Medicine & the industrial revolution Flashcards
(17 cards)
How did industrialisation affect population and urban growth between 1750 and 1901?
- The Industrial Revolution led to people moving from rural areas to cities for work
- Factories powered by steam replaced home-based production
- Cities grew rapidly as people moved to urban areas for jobs
- Example population growth (1801–1901):
- London: 1.1 million → 5.5 million
- Greater Manchester: 334,000 → 2.1 million
- Glasgow: 46,000 → 571,000
- Public health systems could not cope with the massive increase in population
What were housing and sanitation like in industrial cities?

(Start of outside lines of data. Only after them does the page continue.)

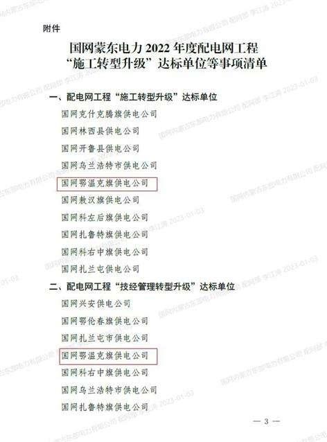 2022年底,荣获国网蒙东电力配电网工程“施工转型升级”达标单位、国网蒙东电力配电网工程“技经管理转型升级”达标单位两项殊荣!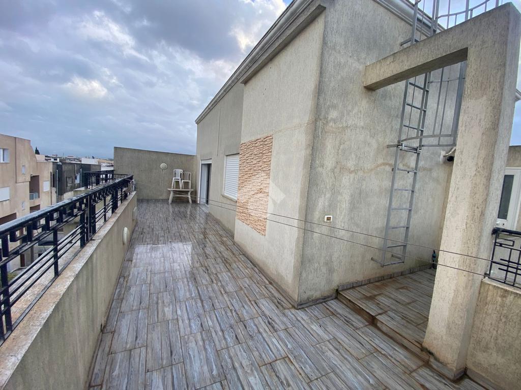 Superficie de 70 m² avec une terrasse de 40 m², équipée d’un débarras pour machine à laver.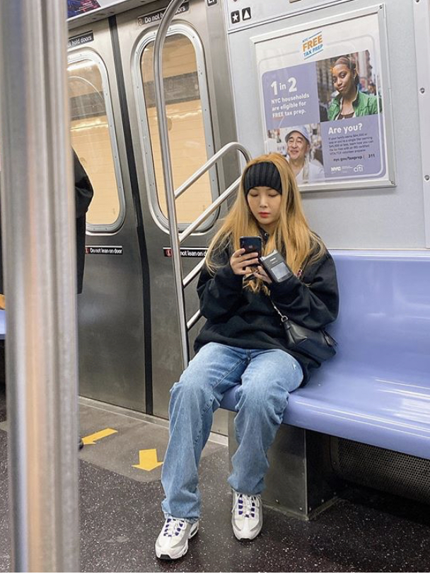 유빈은 2020년 2월 17일 자신의 인스타그램에 뉴욕 지하철 안에서 찍은 사진 한 장을 올렸습니다.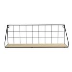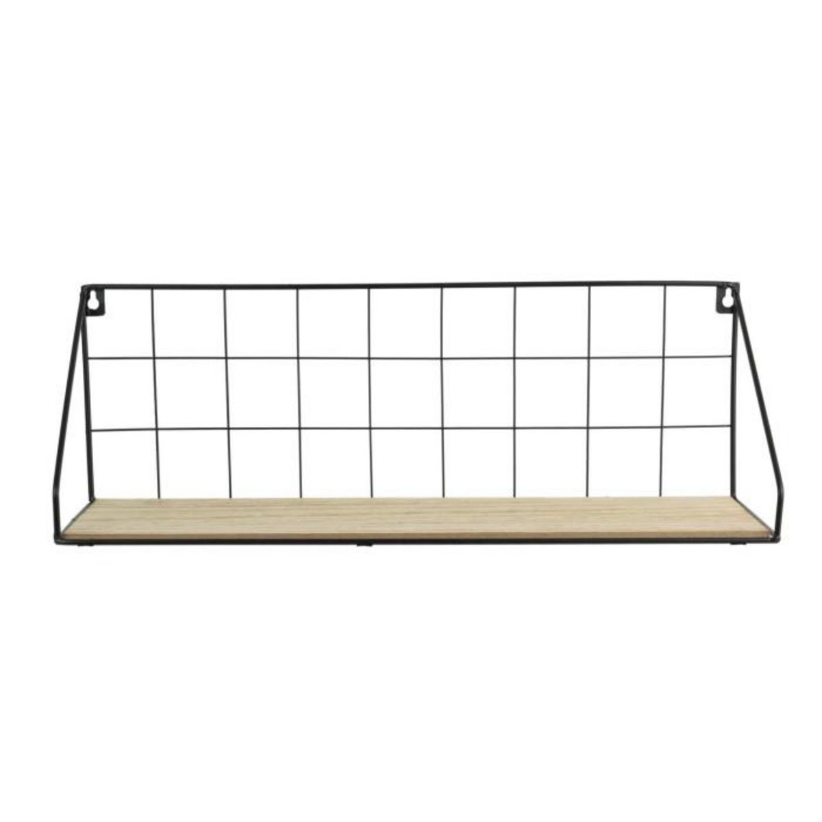 Informations Techniques : Dimensions : L. 45 x l. 15 x H. 15,5 cm Matière : Bois, MDF & Métal Spécificités : Pratique & Utile Étagère Murale design Visserie non incluses Facile d'entretien & d'utilisation Couleur : Naturel & Noir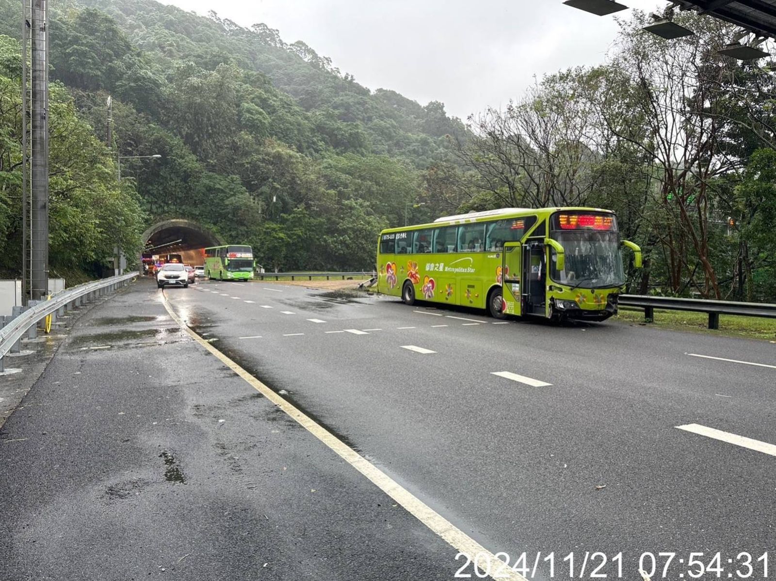 一輛大都會客運今天(21日)早上7點多行經國道5號北上0.2公里南港路段時,疑因未保持安全距離,追撞前方3輛轎車,客運肇事後,車身卡進護欄裡,占用內側車道,4車追撞意外導致今早上班尖峰時間車流回堵,南港段更是紫爆長達3小時,該起事故中所幸僅有一人輕傷,送醫無礙。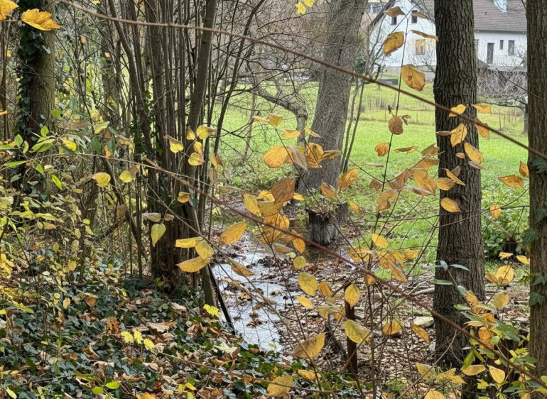 Das 952 m² große Grundstück zeigt sich nicht geschniegelt, sondern wildromantisch. Der Garten darf wachsen, sich entfalten und ein bisschen seinen eigenen Kopf haben. Er grenzt an ein kleines Bächlein und bietet viel Platz für alle, die Natur lieber lebendig als perfekt gestutzt mögen. Ein Pool und ein Gewächshaus sind vorhanden – Zeichen dafür, dass hier immer schon gern draußen gelebt wurde.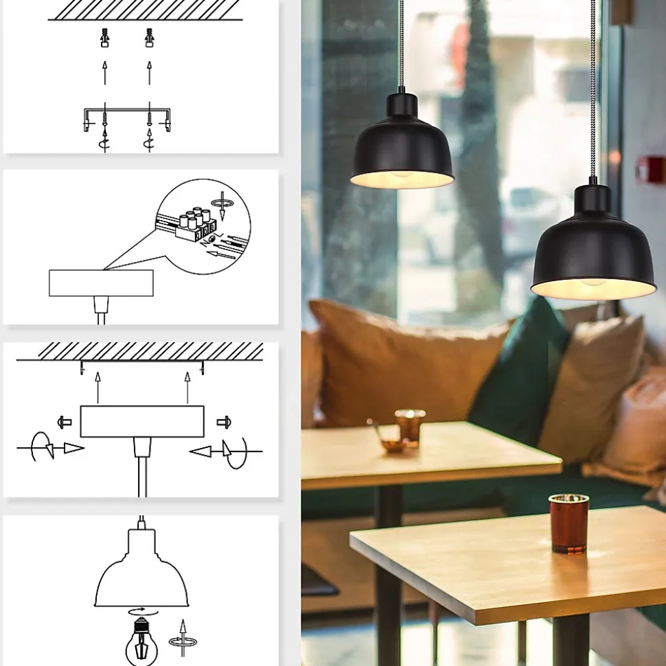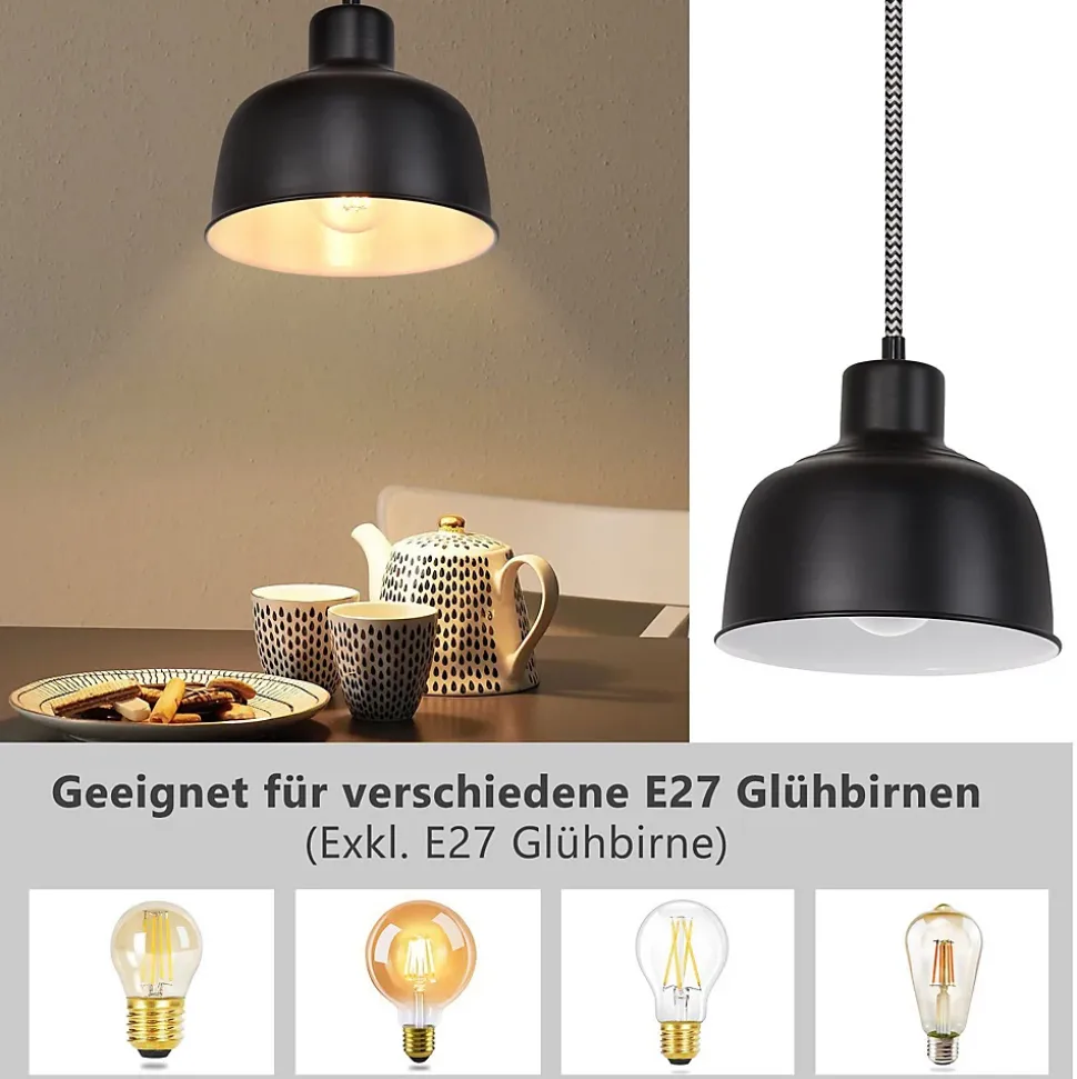 【Lampe suspendue industrielle】 Cette lampe suspendue noire est en métal. La couleur noire convient à tous les styles d’intérieur (vintage/moderne). L’abat-jour en métal a la forme d’un hémisphère et l’éclairage de la suspension est centré sur le bas de l’abat-jour. L’éclairage concentré ajoute beaucoup de mystère et d’atmosphère à la vie.【Détails de la suspension】 La couleur extérieure de la suspension est noire. Types d’ampoules disponibles : LED/CFL/ampoule avec douille E27 (puissance max. : 40 W) | Tension : 220 -240 V/50 Hz | Diamètre de l’abat-jour : 7″ » | Hauteur de l’abat-jour : 14,5 cm | Longueur du câble de suspension : 150 cm | Diamètre du plafonnier : 10 cm.【Installation facile】 Notre suspension industrielle vintage est livrée avec toutes les fixations et instructions et peut être facilement assemblée selon les instructions d’installation. Cette suspension est le luminaire idéal pour créer de la chaleur et de la créativité dans votre cuisine ou votre salon. Vous pouvez les placer individuellement ou en groupe. Parfait pour les bars, salons, cuisines, lofts, salles à manger, bureaux, chambres et plus encore.【Conception de l’abat-jour】 Le cache-lampe noir de cette suspension vintage protège non seulement l’ampoule, mais concentre également la lumière au maximum sur la table à manger. L’abat-jour minimaliste est parfait pour ajouter un élément décoratif à votre pièce qui apportera chaleur et glamour à votre espace.【Service client attentif】Nous offrons une garantie vendeur de 2 ans pour la suspension. Nous vérifions soigneusement tous les produits avant la livraison. Si vous avez des questions, veuillez nous écrire un e-mail via , nous vous répondrons dans les plus brefs délais

- Factory owners built cheap, overcrowded housing for workers
- Back-to-back terraced houses were common, with families in one room
- Lack of clean water, proper sewage systems, and toilets
- Toilets were shared by many families, usually located outside
- Water came from street pumps, often contaminated by nearby cesspits
- Cracked pipes meant human waste mixed with drinking water → caused disease outbreaks
How did air pollution affect health in industrial towns and cities?
- Coal was burned in huge amounts to power factories and mills
- Created thick smog that hung over cities
- Smog caused breathing problems and damaged lungs
- Air pollution led to early deaths and increased respiratory diseases
What diseases were common in overcrowded industrial towns, and how did they spread?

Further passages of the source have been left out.